Диапазон и удобство исполнения скоре всего увеличится, но выбор инструментов, скорее наоборот уменьшится. Сейчас на рынке еще можно нормального немца из старых запасов найти, а баянов немецких то нет в природе. Да и звук у них совсем разный. Кому-то больше баян по-вкусу, а кому-то все же аккордеон милее


----------



## Sergey_Semenov (22 Фев 2014)

vev писал:


> но выбор инструмента, скорее наоборот уменьшится.
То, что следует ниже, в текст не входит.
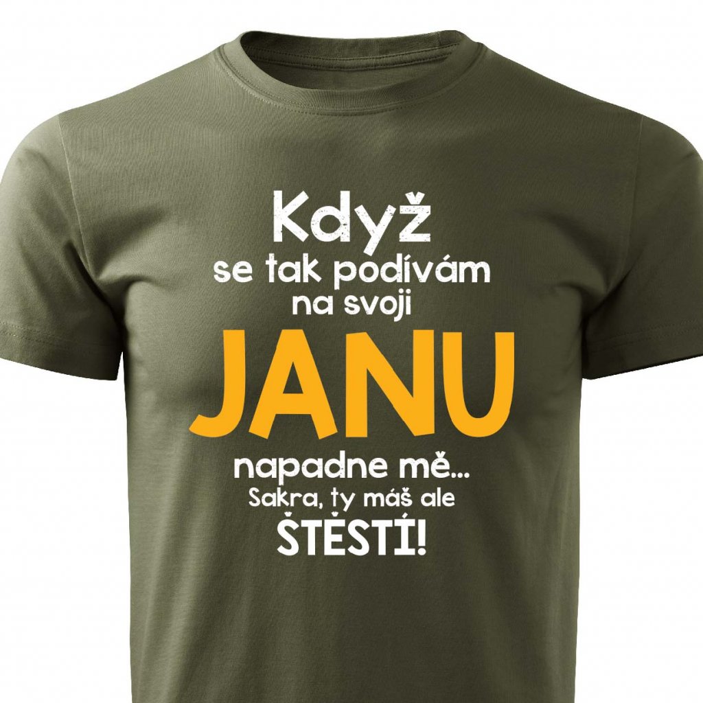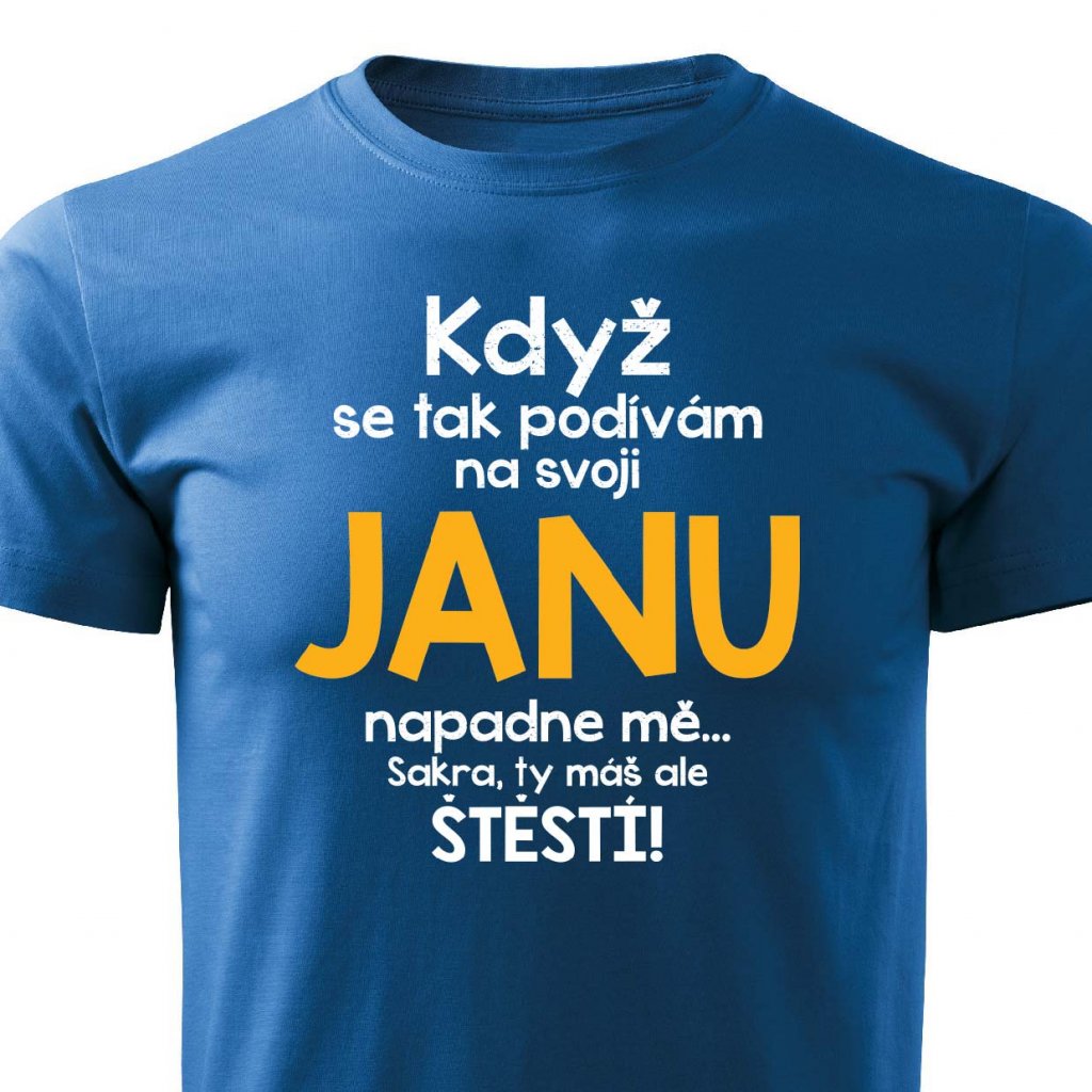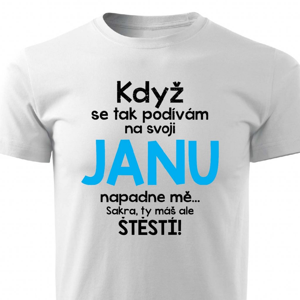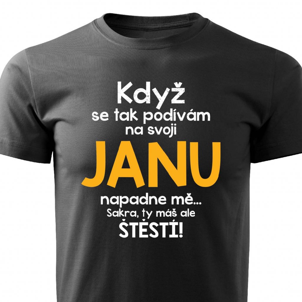 Tričko s potiskem Když se tak podívám na svoji Janu, napadne mě, sakra, ty máš ale štěstí!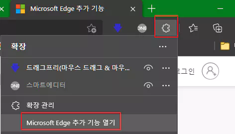 엣지의 우측 상단에 있는 아이콘들 중 퍼즐 조각 모양의 확장 아이콘을 클릭한 다음 'Microsoft Edge 추가 기능 열기'를 클릭합니다.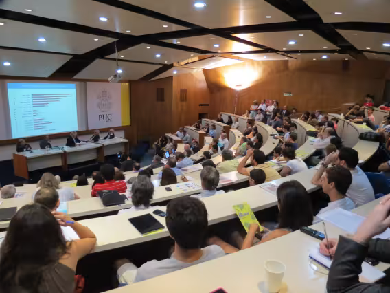 Plateia e a mesa com as autoridades durante a aula magna.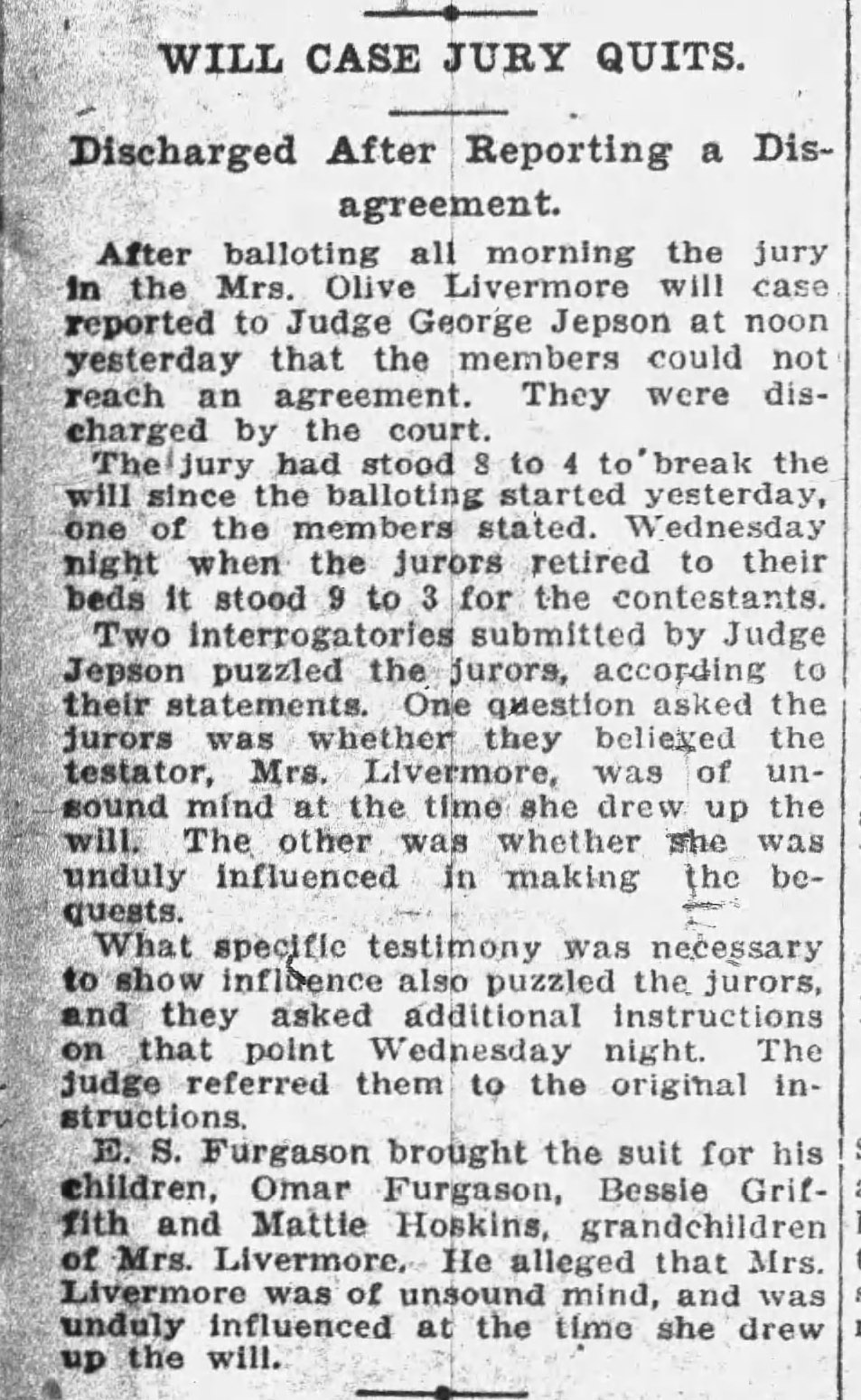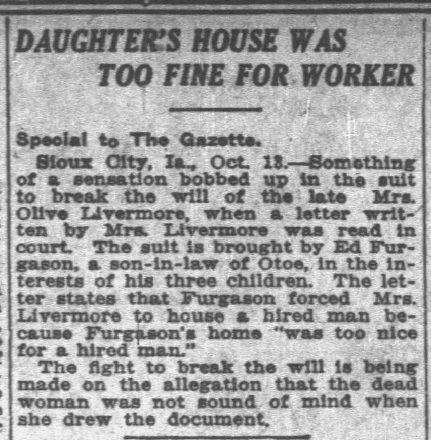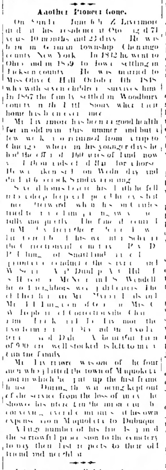 Zalmon Livermore and Olive Caldwell Hall are the parents of my 3X Great Grandparents Joseph William Livermore and Sylvia Hazelrigg, their daughter Lena Livermore and my Great Grandmother Gladys Hagerdon Anderson. The Livermore family has been fairly well traced and was a respected family in Maquoketa, Iowa.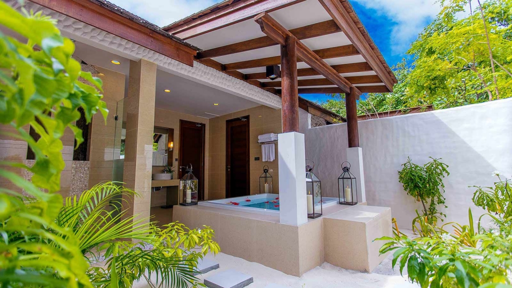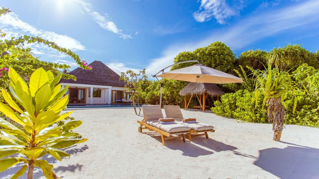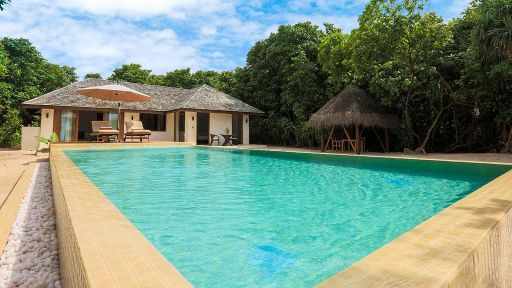 The Deluxe Beach Residence with Pool is a homely beachfront bolt-hole – the perfect luxury villa setting for a romantic escape to the Maldives.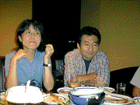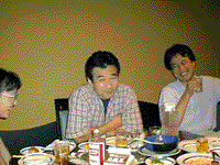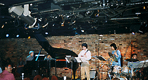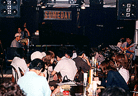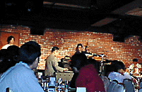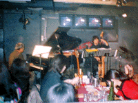 | 2002年11月16日(土)くもり、寒い・・ 赤坂「B flat」11時開場、11時15分第1部がスタート。30分休憩後、13時第2部スタート、その3番目に登場。♪♪シュビデュビ・ダバデュビィ♪ 我が演奏タイム終わり、ビールジョッキ2杯。15時35分第3部終了、「ドトールコーヒー」で休憩、16時30分「やるき茶屋」の打ち上げ会(左の写真はホッとしたところ?=佐野えっこ様の提供)に参加、19時30分、2次会に行くところで帰途につく。 |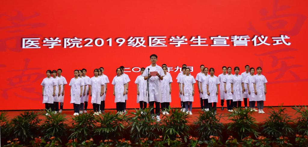医学生宣誓仪式是医学生步入医学殿堂的第一堂课,也是2019级新生始业教育活动中的关键环节,对增强医学新生学习医学的责任感、使命感和作为未来医务工作者的荣誉感具有重要意义。(院办公室)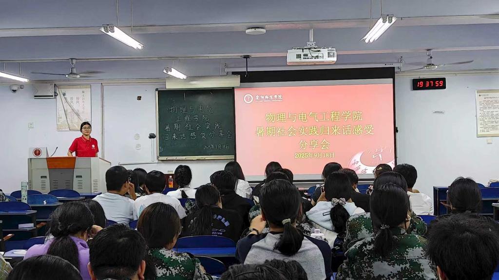 2025年9月18日下午,我院在“和展楼”B303、B307、B308、B402、B502教室成功举办“暑期社会实践归来话感受”分享会。分团委书记袁梦、2025年暑期社会实践团队成员以及2025级全体学生共同参加了本次活动。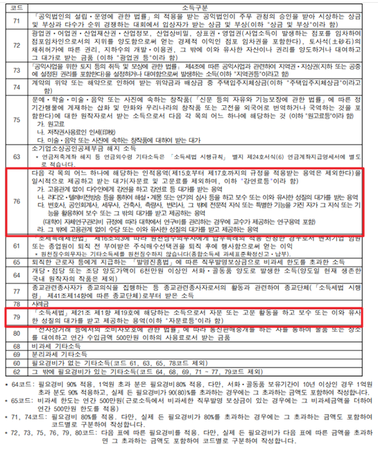 <소득세법 -별지 제23호 소득구분>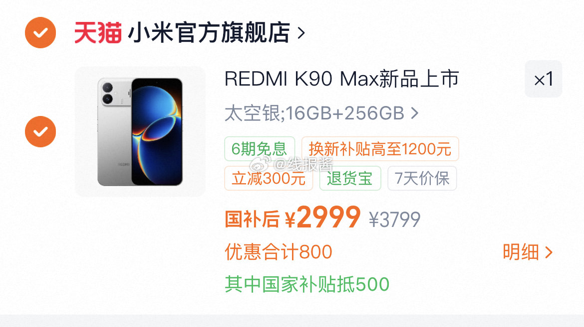 叠国补2999亓‼REDMI K90 Max性能魔王手机16GB+256GB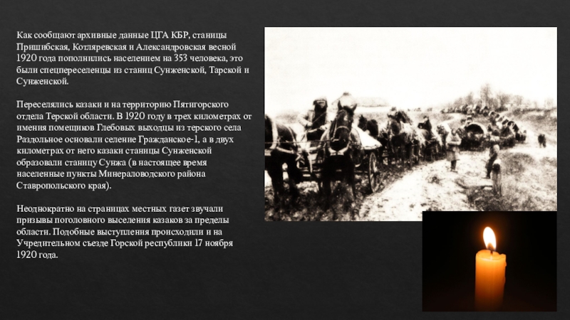 Слайд 23Как сообщают архивные данные ЦГА КБР, станицы Пришибская, Котляревская и Александровская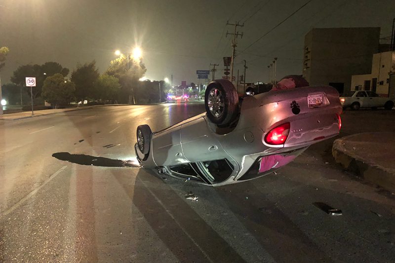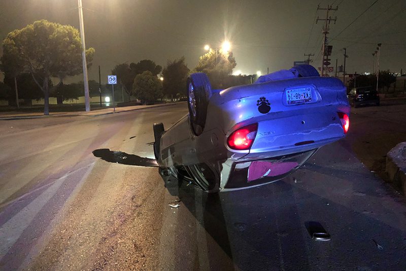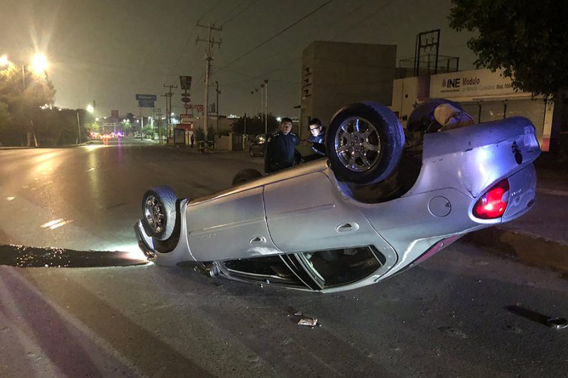 Saltillo, Coahuila.- Con los neumáticos hacia arriba terminó un vehículo luego de que su conductor le intentó sacar la vuelta al antialcohol, pero al manejar a exceso de velocidad chocó contra la cuneta lo que lo hizo volcar.

Я имел ввиду что ко всем рассматриваемым аккордеонам добавятся ещё и баяны в том же ценовом диапазоне.


----------



## yazula (23 Фев 2014)

Sergey_Semenov, да я рассматривала баян как раз из-за диапазона и удобства (так пишут ), с интересом бы посмотрела и послушала кнопочные аккордеоны, есть один, который по описанию очень нравится Вельтмейстер Грандина, но он чаще всего стоит 30 000 рублей и выше.


----------



## Sergey_Semenov (23 Фев 2014)

В пределах 15000 рублей можно приобрести неплохой бянчик, а иногда даже с цельными планками и очень хорошим звучанием.

Желаю удачи в приобретении инструмента. Когда купите оставьте здесь сообщение о том что Вы выбрали и почему именно это, если не затруднит.


----------